Marian Kuprat is back! Der 32-jährige Essener liefert nach seinem 2021 erschienenen letzten Longplayer die logische Weiterentwicklung: „Corleone“ ist ein ganzes Album voller reduzierter akustischer Nummern, die stimmig Country und Singer/Songwriter kombinieren. Die Atmo ist dabei stets einheitlich gehalten. Marian hört man an den Gitarren, seine Gastmusiker:innen Niklas am Cello, Martin an der Steel-Pedal-Gitarre sowie Sebel am Klavier und an der Hammondorgel. Letzter zeigt sich auch für die Produktion verantwortlich. Alle drei Bandmember haben bereits vor Marian mit zig großen deutschen Acts gespielt. Auf der LP befinden sich einige sehr persönliche Storys, die zum Nachdenken wie zum Schmunzeln anregen. „Besser is nich“ kann man sich in den kommenden ersten Frühlingswochen gut in die Playlist packen.
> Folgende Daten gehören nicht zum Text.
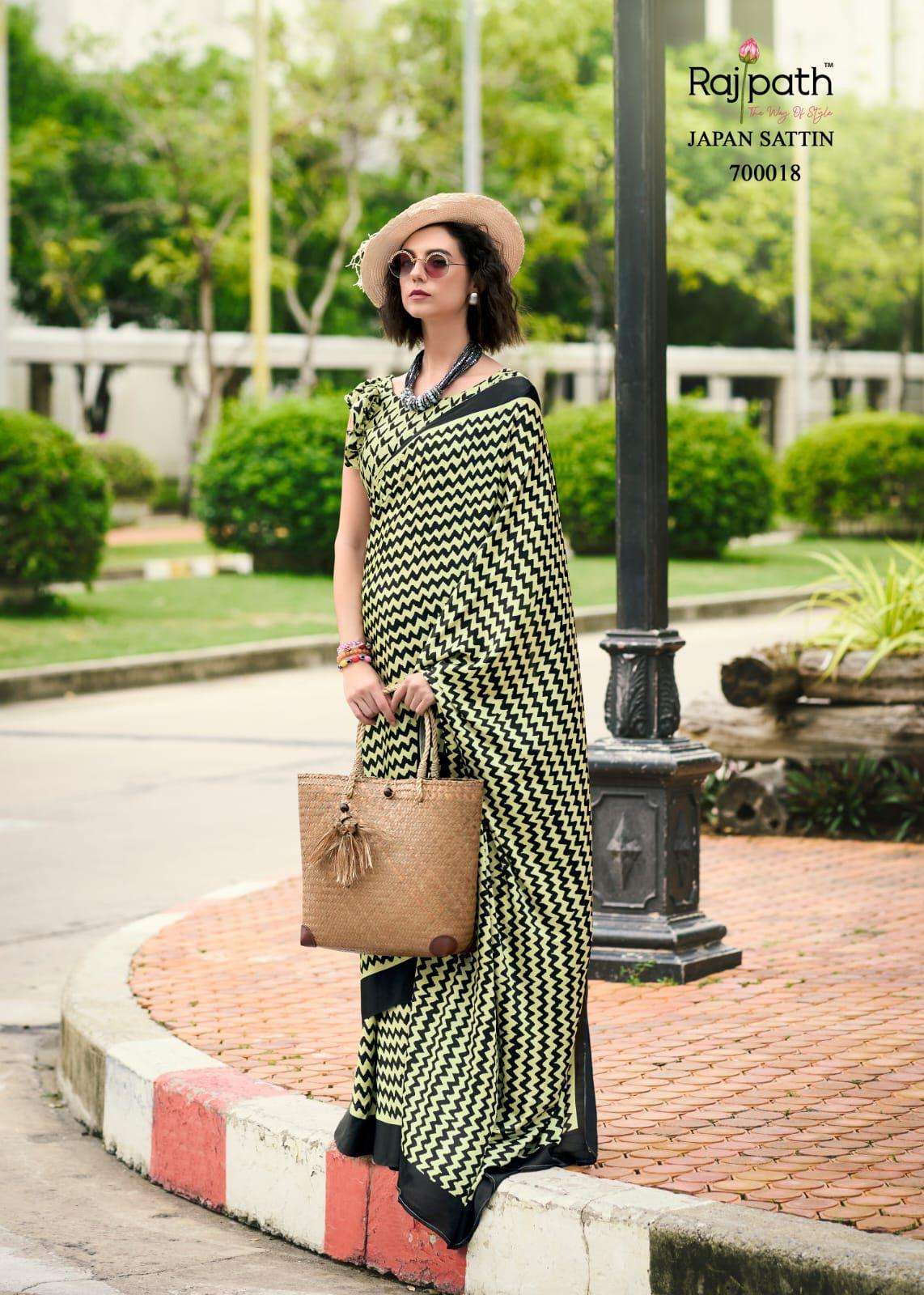 Buy Online Rare Rabbit by rajpath Japan Sattin Saree collection manufacturer surat 11 Pcs of Full Catalogue at Wholesale Price. Looking for Rare Rabbit by rajpath Japan Sattin Saree collection manufacturer surat Full Catalouge at Best Price? Buy Now Rare Rabbit by rajpath Japan Sattin Saree collection manufacturer surat at Wholesale Rate of Rs 6325 with Total 11 Pcs from authroized dealer and supplier of Rajpath Fabric Brand. Cost of Each piece is just only Rs 575 which is very low and affordable price to resale the product in your retail store ,This is Surat based Wholesale Supplier & Dealer of Rajpath Fabric Brand. Click on Brand name to Know more about Rajpath Fabric Brand's products.Call or Whatsapp on 9898838984 for booking or enquiry
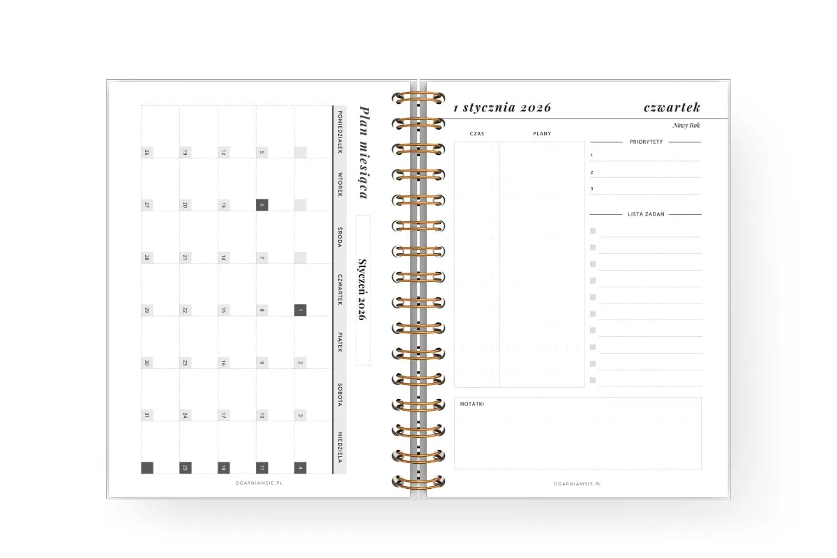 Nasze planery są dopracowane - zwracamy dużą uwagę na szczegóły. W planerach zaznaczone są najważniejsze święta, a spirala każdego planera dobierana jest przez nas ręcznie do jego grubości - żeby zapewnić jej jak najlepsze dopasowanie.
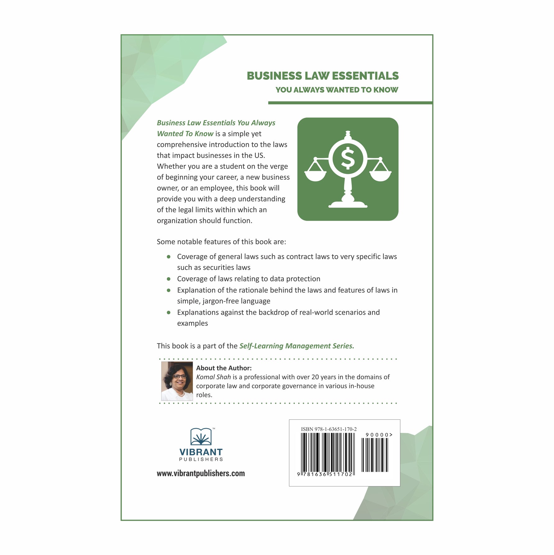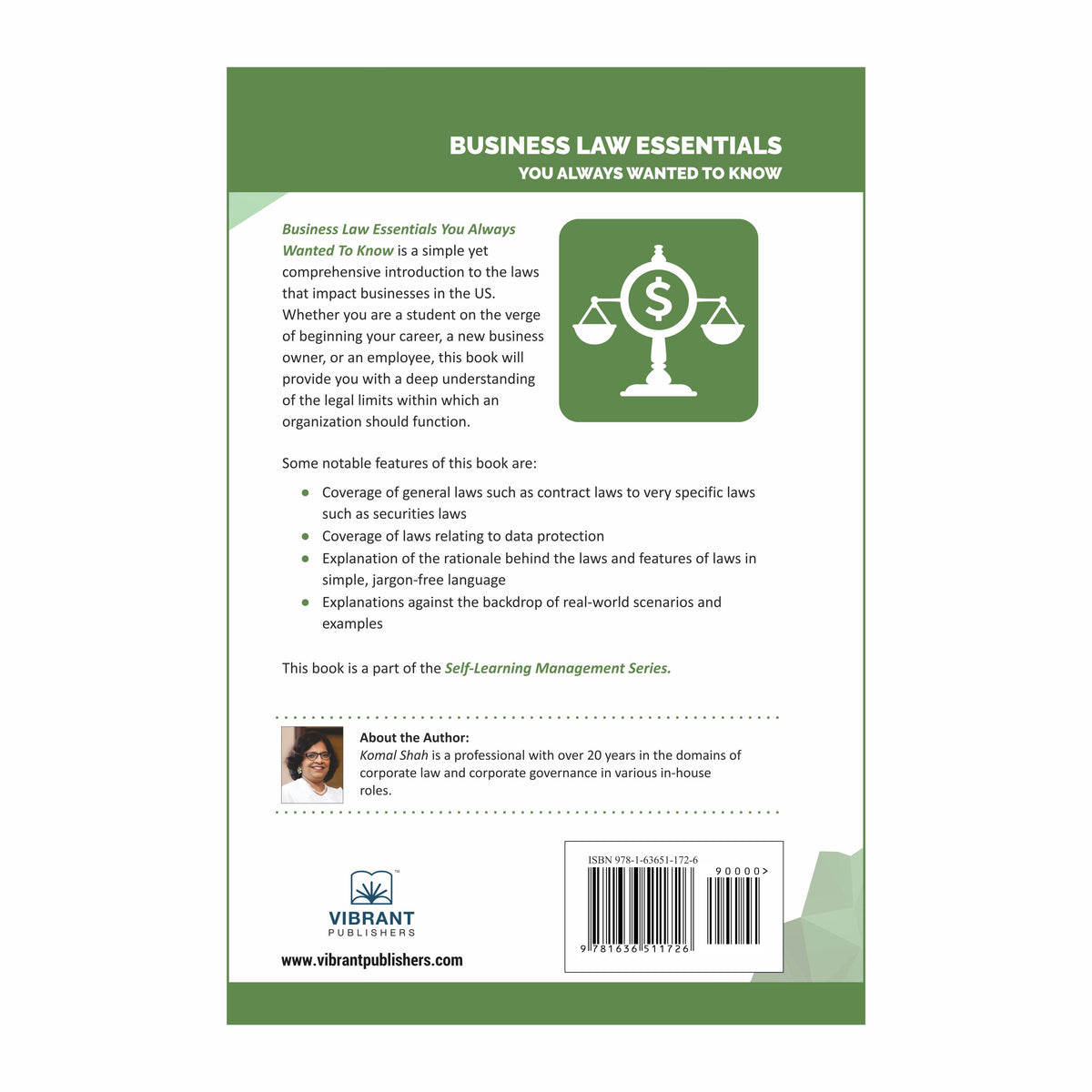 Business Law Essentials is a compact but handy guide for learning about business laws in the US. Whether you are a student on the verge of beginning your career, a new business owner, or an employee, this book will provide you with a deep understanding of the legal limits within which an organization should function and how an organization interacts with the regulators for the specific business sector.

Roger Morelló Ros – The Voice of Casals

Zum Schluss ein exklusiver Tipp für die Klassiker:innen unter euch: Roger Morelló Ros kommt ursprünglich aus Katalonien, also dem Osten Spaniens, lebt aber seit sieben Jahren in Köln, um hier als Konzertcellist groß gefeiert zu werden. Roger hat sich auf seinem neuen Album intensiv mit dem ebenfalls katalanischen Cellisten Pau Casals auseinandergesetzt. Deswegen heißt das Ergebnis auch „The Voice of Casals“. Ähnlich wie sein Vorbild interpretiert Ros eine Stunde lang 14 große Stücke von Bach, Marais, Cassado und anderen Komponisten, die wichtige Werke für Cello-Soli zauberten. Mit viel Feingefühl und Emotion spielt der sympathische Spanier die Kompositionen noch so unterschiedlicher Epochen. Wer schon bei den Aufnahmen verzückt ist, sollte einen Blick in den Kalender auf der Website werfen – gleich mehrere Konzerttermine in NRW sind zu finden.